=== Work instruction ===
Please return exactly the lines below that run from the line with "出席論壇線上線下的主要潮團首" through the end of the listing, both included, but not the pictures.

=== Data segment ===
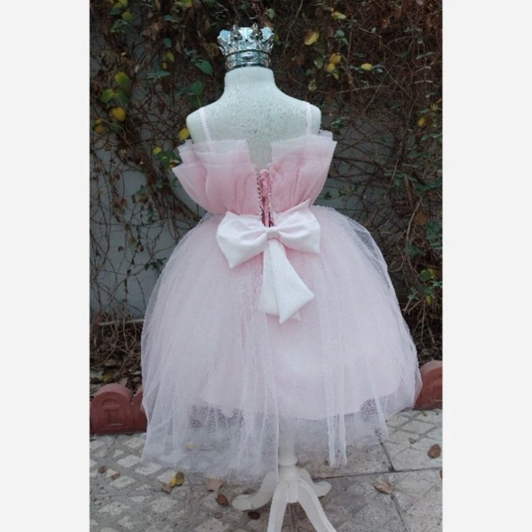 پیراهن مجلسی دخترانه مدل نازگل صورتی
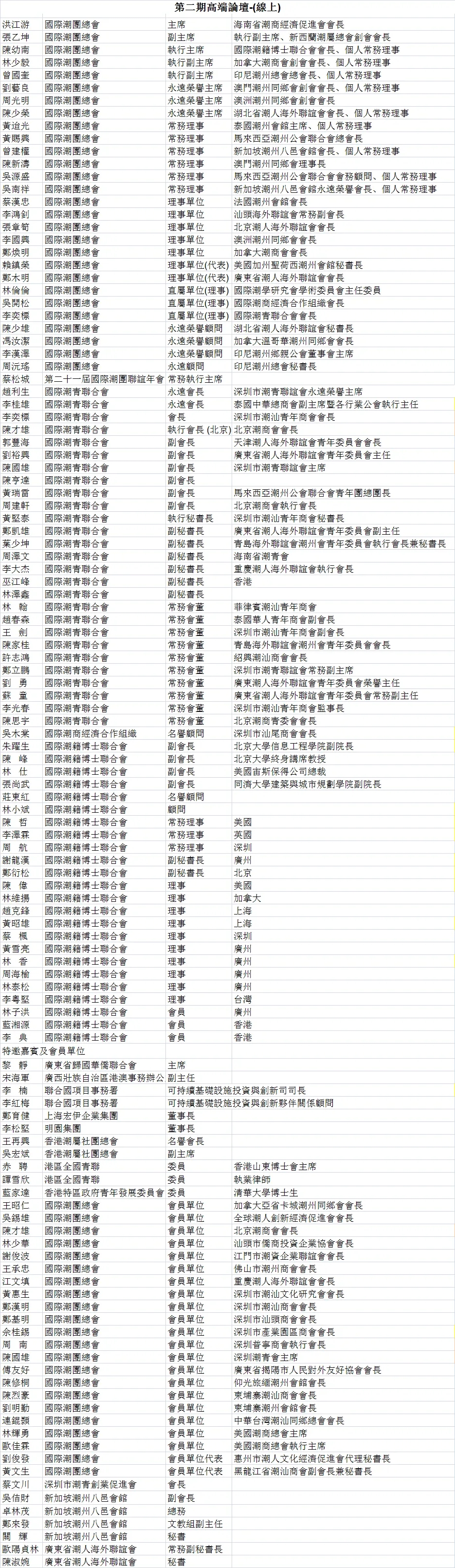 出席論壇線上線下的主要潮團首領有:國際潮團總會主席洪江遊,副主席張乙坤,執行副主席林少毅、曾國奎,永遠榮譽主席劉藝良、周光明、陳少榮,常務理事黃迨光、黃賜興、曾建權、陳新濤、吳源盛、吳南祥,理事單位蔡漢忠、李鴻釗、張章筍、李國興、鄭煥明,理事單位代表賴鎮榮、鄭木明,直屬單位(理事)林倫倫、吳開松、李奕標,以及屬下多個會員單位出席論壇活動。
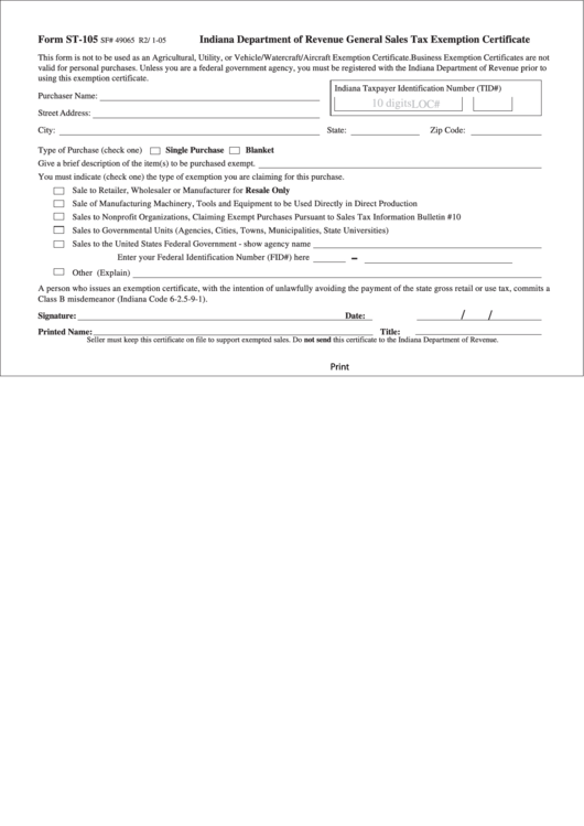 Fillable St 105 Form Indiana Department Of Revenue General Sales Tax Indiana State Tax Exempt Form

=== The completed task ===
 出席論壇線上線下的主要潮團首領有:國際潮團總會主席洪江遊,副主席張乙坤,執行副主席林少毅、曾國奎,永遠榮譽主席劉藝良、周光明、陳少榮,常務理事黃迨光、黃賜興、曾建權、陳新濤、吳源盛、吳南祥,理事單位蔡漢忠、李鴻釗、張章筍、李國興、鄭煥明,理事單位代表賴鎮榮、鄭木明,直屬單位(理事)林倫倫、吳開松、李奕標,以及屬下多個會員單位出席論壇活動。
 Fillable St 105 Form Indiana Department Of Revenue General Sales Tax Indiana State Tax Exempt Form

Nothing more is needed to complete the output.